Bei Lebensgefahr und alternativloser Behandlung spielt die Kostenhöhe keine Rolle
Das Sozialgericht Bremen bestätigte die Einschätzung im Verfahren des vorläufigen Rechtsschutzes und verurteilte die Krankenkasse zur Zahlung (§ 18 Abs.1 S.1, Abs.2 i.V.m. § 2 Abs.1, Abs.1a SGB V). Den Argumenten der Krankenkasse begegnet das SG Bremen wie folgt:
- Das Krankenversicherungsrecht kennt keine kostenmäßige Beschränkung. Im Übrigen würde eine Herz-Lungen-Transplantation ähnlich viel kosten wie die Behandlung in Philadelphia.
- Die fehlenden Studien sind irrelevant, es reicht die entfernte Aussicht auf Heilung.
- Der Verweis auf die Transplantation ist wegen der damit verbundenen Unsicherheiten und Risiken unzumutbar, solange es die alternative Behandlungsmethode gibt.
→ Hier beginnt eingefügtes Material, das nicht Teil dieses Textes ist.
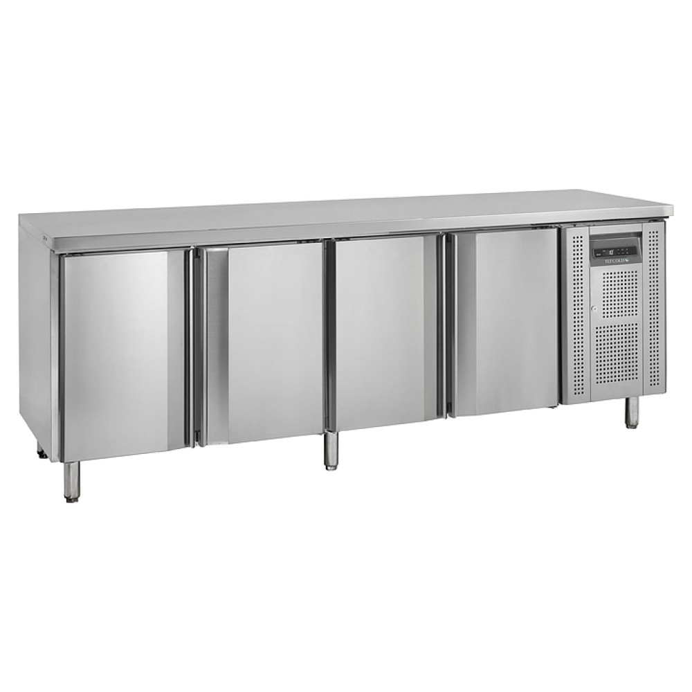 Холодильный стол TEFCOLD CK7410-SP используется на предприятиях общественного питания и торговли для раскатки теста и обработки ингредиентов для приготовления блюд, охлаждения и кратковременного хранения продуктов. Прибор оснащен съемной столешницей без борта, 4 распашными самозакрывающимися дверьми, 4 решетчатыми белыми полками GN1/1, термометром и 6 регулируемыми ножками. Корпус и внутренняя отделка выполнены из нержавеющей стали SS304.

Das Ermessen der Krankenkasse ist in diesem Fall auf Null reduziert.
- Die Verfristung hatte die Kasse selbst provoziert, weil es ihren Bescheid als vorläufig bezeichnete und noch umfangreiche Gutachten danach einholte. Die Berufung hierauf war daher treuwidrig.
Die Krankenkasse hat Berufung gegen das Urteil eingelegt.
(SG Bremen, Urteil v. 23.10.2018, S 8 KR 263/17).